I have utilized many of my senses during my research of Ferruginous Hawks: vision to identify the hawks as they appear from tiny pinpoints in the sky or perch cryptically on dirt mounds, sound to identify incoming adults as they scream their piteous cries as we approach their nests for monitoring, touch when grasping the hawk legs with enough power to restrain, but not enough to crush fragile bones (I also often experienced touch when the hawks touched me with their talons that sunk deep into the flesh of my hands).
During my first day banding chicks, I was immediately impressed by the smell of the Ferruginous Hawks and their nest. And I cannot say that I was smitten. It was putrid, with equal parts decay, ripe feces and an underlying oiliness. “That’s the smell of rotting ground squirrel guts mixed with excrement” my advisor informed me. I mentally retched.

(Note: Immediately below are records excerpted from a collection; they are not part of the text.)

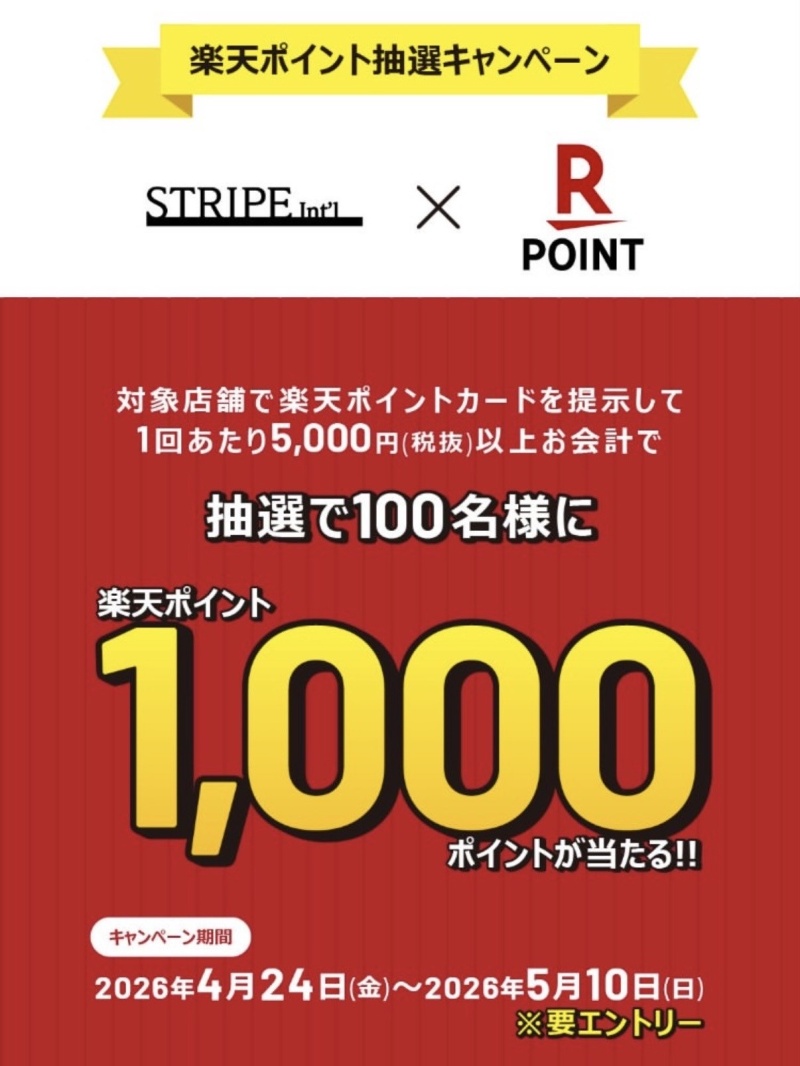 対象店舗で楽天ポイントを提示して、指定金額以上お買い上げで抽選で100名様に、楽天ポイント1,000Pが当たる!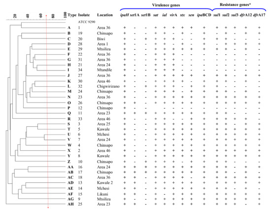 - Hosseini Nave, H.; Mansouri, S.; Emaneini, M.; Moradi, M. Distribution of genes encoding virulence factors and molecular analysis of Shigella spp. isolated from patients with diarrhea in Kerman, Iran. Microb. Pathog. 2016, 92, 68–71. [Google Scholar] [CrossRef] [PubMed]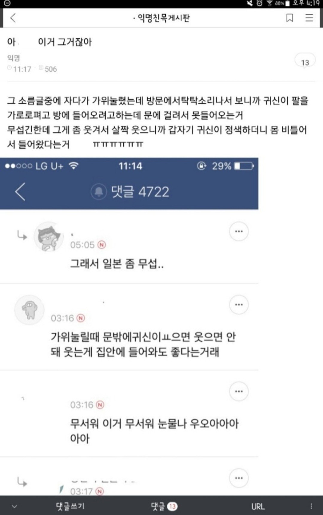 공포) 가위 눌렸을 때 웃으면 안 돼 Home자유글유머 > 153717 쿠아 쿠아님의 홈 전체게시물 아이디로 검색 쿠아님의 홈 전체게시물 아이디로 검색 2023.04.21 01:00 1,053 0 11 LV.1 29% 신고 목록 게시글 신고 안내 아래 내용중 해당하는 내용이 있을경우 아래 게시글신고 버튼을 클릭하시고 사유를 작성해주시면 빠른시간 안에 삭제및 필요조치하여 드리겠습니다. 로그인후 이용이 가능합니다. 그리고 답변은 메뉴 아이러브강원 > 1:1문의에서 확인이 가능합니다. 자신 또는 제3자를 비방하거나 중상 모략으로 명예를 손상시키는 내용 범죄행위와 관련이 있다고 판단되는 내용 다른 회원 또는 제3자의 저작권 등 기타 권리를 침해하는 내용 타인의 개인정보, 사생활을 침해하거나 명예를 손상시키는 경우 자신의 글을 타인이 도용한 경우 위의 내용 이외에 기타사항 본문 공포) 가위 눌렸을 때 웃으면 안 돼눈뜨자마자 들어온경우는 예의가 없는 귀신이였내 11 로그인 후 추천을 하실 수 있습니다. 쿠아 님의 최신글 쿠아 님의 최신댓글 최신글이 없습니다. 최신글이 없습니다. 쿠아 님의 최신글 쿠아 님의 최신댓글 최신글이 없습니다. 최신글이 없습니다. SNS 댓글목록 0 등록된 댓글이 없습니다. × 게시물 신고하기 신고사유 이 게시물을 신고하시겠습니까? 신고사유를 선택해 주세요. 광고성 음란성 비방성 혐오성 기타 신고하기 전체 261 건 - 9 페이지 Home자유글유머 > 153717 번호 댓글 제목 글작성자 날짜 뷰 추천 141 댓글0개 카카오프렌즈 춘식이 쿠아 쿠아님의 홈 전체게시물 아이디로 검색 쿠아님의 홈 전체게시물 아이디로 검색 952 10 2023.06.07 쿠아 쿠아님의 홈 전체게시물 아이디로 검색 쿠아님의 홈 전체게시물 아이디로 검색 2023.06.07 952 10 140 댓글0개 헛수고 쿠아 쿠아님의 홈 전체게시물 아이디로 검색 쿠아님의 홈 전체게시물 아이디로 검색 903 7 2023.06.04 쿠아 쿠아님의 홈 전체게시물 아이디로 검색 쿠아님의 홈 전체게시물 아이디로 검색 2023.06.04 903 7 139 댓글0개 토트넘 로또 예언 쿠아 쿠아님의 홈 전체게시물 아이디로 검색 쿠아님의 홈 전체게시물 아이디로 검색 1,026 34 2023.05.09 쿠아 쿠아님의 홈 전체게시물 아이디로 검색 쿠아님의 홈 전체게시물 아이디로 검색 2023.05.09 1,026 34 138 댓글0개 여자친구와 결혼식 갔을때 X되는 상황 쿠아 쿠아님의 홈 전체게시물 아이디로 검색 쿠아님의 홈 전체게시물 아이디로 검색 1,033 6 2023.05.09 쿠아 쿠아님의 홈 전체게시물 아이디로 검색 쿠아님의 홈 전체게시물 아이디로 검색 2023.05.09 1,033 6 137 댓글0개 죽다 살아났다는 개콘출신 개그맨 쿠아 쿠아님의 홈 전체게시물 아이디로 검색 쿠아님의 홈 전체게시물 아이디로 검색 999 6 2023.05.04 쿠아 쿠아님의 홈 전체게시물 아이디로 검색 쿠아님의 홈 전체게시물 아이디로 검색 2023.05.04 999 6 열람 댓글0개 공포) 가위 눌렸을 때 웃으면 안 돼 쿠아 쿠아님의 홈 전체게시물 아이디로 검색 쿠아님의 홈 전체게시물 아이디로 검색 1,054 11 2023.04.21 쿠아 쿠아님의 홈 전체게시물 아이디로 검색 쿠아님의 홈 전체게시물 아이디로 검색 2023.04.21 1,054 11 135 댓글0개 아이스크림과 싸워 패배함 쿠아 쿠아님의 홈 전체게시물 아이디로 검색 쿠아님의 홈 전체게시물 아이디로 검색 978 11 2023.04.21 쿠아 쿠아님의 홈 전체게시물 아이디로 검색 쿠아님의 홈 전체게시물 아이디로 검색 2023.04.21 978 11 134 댓글0개 로봇과 즐거운 놀이.gif 쿠아 쿠아님의 홈 전체게시물 아이디로 검색 쿠아님의 홈 전체게시물 아이디로 검색 1,053 7 2023.04.11 쿠아 쿠아님의 홈 전체게시물 아이디로 검색 쿠아님의 홈 전체게시물 아이디로 검색 2023.04.11 1,053 7 133 댓글0개 스타벅스 직원피셜 숨은 숙취해소 음료 쿠아 쿠아님의 홈 전체게시물 아이디로 검색 쿠아님의 홈 전체게시물 아이디로 검색 1,018 5 2023.04.06 쿠아 쿠아님의 홈 전체게시물 아이디로 검색 쿠아님의 홈 전체게시물 아이디로 검색 2023.04.06 1,018 5 132 댓글0개 생리 전 하루동안의 식욕 쿠아 쿠아님의 홈 전체게시물 아이디로 검색 쿠아님의 홈 전체게시물 아이디로 검색 1,049 4 2023.04.02 쿠아 쿠아님의 홈 전체게시물 아이디로 검색 쿠아님의 홈 전체게시물 아이디로 검색 2023.04.02 1,049 4 131 댓글0개 신입이 흰우유 1L짜리 2개 사왔다 쿠아 쿠아님의 홈 전체게시물 아이디로 검색 쿠아님의 홈 전체게시물 아이디로 검색 990 9 2023.03.31 쿠아 쿠아님의 홈 전체게시물 아이디로 검색 쿠아님의 홈 전체게시물 아이디로 검색 2023.03.31 990 9 130 댓글0개 말전거 쿠아 쿠아님의 홈 전체게시물 아이디로 검색 쿠아님의 홈 전체게시물 아이디로 검색 1,066 9 2023.03.29 쿠아 쿠아님의 홈 전체게시물 아이디로 검색 쿠아님의 홈 전체게시물 아이디로 검색 2023.03.29 1,066 9 129 댓글0개 영화같은 사고장면 쿠아 쿠아님의 홈 전체게시물 아이디로 검색 쿠아님의 홈 전체게시물 아이디로 검색 959 4 2023.03.28 쿠아 쿠아님의 홈 전체게시물 아이디로 검색 쿠아님의 홈 전체게시물 아이디로 검색 2023.03.28 959 4 128 댓글0개 쓰레기로 12억 버는 법 쿠아 쿠아님의 홈 전체게시물 아이디로 검색 쿠아님의 홈 전체게시물 아이디로 검색 974 10 2023.03.22 쿠아 쿠아님의 홈 전체게시물 아이디

My mantra during that first day was breathe through my mouth and let my fascination with the species over ride my protesting senses. Over the course of my field work, the Ferruginous Hawk aroma changed, or at least my perception of it did. As I worked with the nestlings (banding them and marking their downy heads and legs with color) and then the fledglings (when the chicks are as big as adults, with a few bristles of down sticking up through contour feathers, giving the impression of gawky teenagers with bad bedhead), I noticed I started appreciating the scent of these large prairie hawks. Their scent changed to a musky odour that was clean, earthy and sharp. I started to take pleasure in the redolent
Unwittingly, I became expert at detecting this scent, and once when opening a technicians field truck, I exclaimed in surprise “There’s been a Ferruginous Hawk in here!” The field tech assured me that she wasn’t hiding baby Ferruginous Hawks, but had retrieved a chick that had been accidentally force fledged (when a nestling decides to bail from the nest before it can fly ade ptly). She had returned the chick to the nest and the gloves that she had been wearing were in the truck. I inhaled deeply.
Our sense of smell is a powerful evoker of memories and conjurer of emotions. To me, the thought of Ferruginous Hawk scent will always be linked with expansive prairies, endless driving of questionable range roads in relentless search of radio-telemetered hawks, and the elation of watching young Ferruginous Hawks, who have survived the risky period post-fledging period, finding their coordination and soaring strongly, yet effortlessly, on thermals as they prepare to begin their first migration south.